SQL DATA TYPE -- string
SQL99
SQL99 has two major character sets: CHARACTER and CHARACTER VARYING. In addition, there are also NATIONAL CHARACTER and NATIONAL CHARACTER VARYING.
CHARACTER can also be abbreviated with CHAR. The size can optionally be specified in the form CHARACTER(n). For example, CHARACTER(15) can hold character strings up to 15 characters long. If size is omitted, the default is 1. An error occurs if one tries to store a string that is bigger than the size declared.
CHARACTER VARYING can be abbreviated with CHAR VARYING or VARCHAR. You have to specify the maximum size for strings to be stored, for example, CHARACTER VARYING(15) holds 15-character strings, or smaller.
NATIONAL CHARACTER (NATIONAL CHAR, NCHAR, CHARACTER CHARACTER SET <char_set_name>) specifies the default data type for the country of implementation. This is a fixed-length character string data type.
NATIONAL CHARACTER VARYING (NATIONAL CHAR VARYING, NCHAR VARYING, CHARACTER VARYING CHARACTER SET < char_set_name>, CHAR VARYING CHARACTER SET < char_set_name>) is a varying-length country-specific character string data type.
CLOB is a new SQL99 data type to store large nondatabase-structured text objects of varying size and complexity, such as employees' resumes, collections of papers, books, and other similar data.
Oracle 9i
Oracle is fully compliant with SQL99 standards for character strings.
CHAR is used for fixed-length strings. The default length for a CHAR column is 1 byte with a maximum of 2,000 bytes.
VARCHAR2 is an Oracle data type to store varying-length character strings. It does not have the default length, so you have to specify a value from 1 to 4,000 (maximum number of bytes for VARCHAR2).
NCHAR and NVARCHAR2 are used to store fixed-length and varying-length national character strings. Beginning with Oracle9i, they were redefined to be Unicode-only data types and can hold up to 2,000 and 4,000 characters (not bytes!) correspondingly. That means if you declare a column to be CHAR(100) it will allocate 100 bytes per column, but NCHAR(100) Unicode-based column requires 200 bytes.
Note The VARCHAR data type in Oracle is currently a synonym to VARCHAR2. If you declare a column as VARCHAR(30), it will be converted it to VARCHAR2(30) automatically. Oracle does not recommend the use of VARCHAR as a data type, but rather recommends VARCHAR2 instead because keyword VARCHAR may be later used in some different way.
CLOB and NCLOB can store up to four gigabytes of data in Oracle. Both fixed-length and variable-length character sets are supported. CLOB uses the CHAR database character set, and NCLOB stores Unicode data using the national character set.
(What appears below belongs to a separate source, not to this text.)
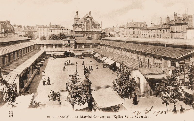 Deux fois par semaine, l’esplanade située entre l’église Saint-Sébastien de Nancy et le marché couvert est occupée par des étalagistes.

LONG is an old Oracle data type to store variable-length character strings containing up to two gigabytes. It is similar to VARCHAR2, but has many limitations. For example, you cannot use LONG in the WHERE clause of a SELECT statement , a table can't have more than one LONG column, it can't be indexed, and so on. Oracle strongly recommends to discontinue the use of the LONG data type and use CLOB instead.
Note Oracle has synonyms for SQL99 compatibility. For example, you can use CHARACTER(100) rather than CHAR(100) or CHARACTER VARYING rather than VARCHAR2 to attain the same results.
DB2 UDB 8.1
DB2 has following character string data types:
CHARACTER is compliant with SQL99 standards. The maximum length is 254 characters. The default length is 1.
VARCHAR is used for varying-length strings and has a maximum of 32,672 characters.
LONG VARCHAR is virtually same as VARCHAR, but can hold larger values (up to 32,700) and can't be limited to a certain number of characters.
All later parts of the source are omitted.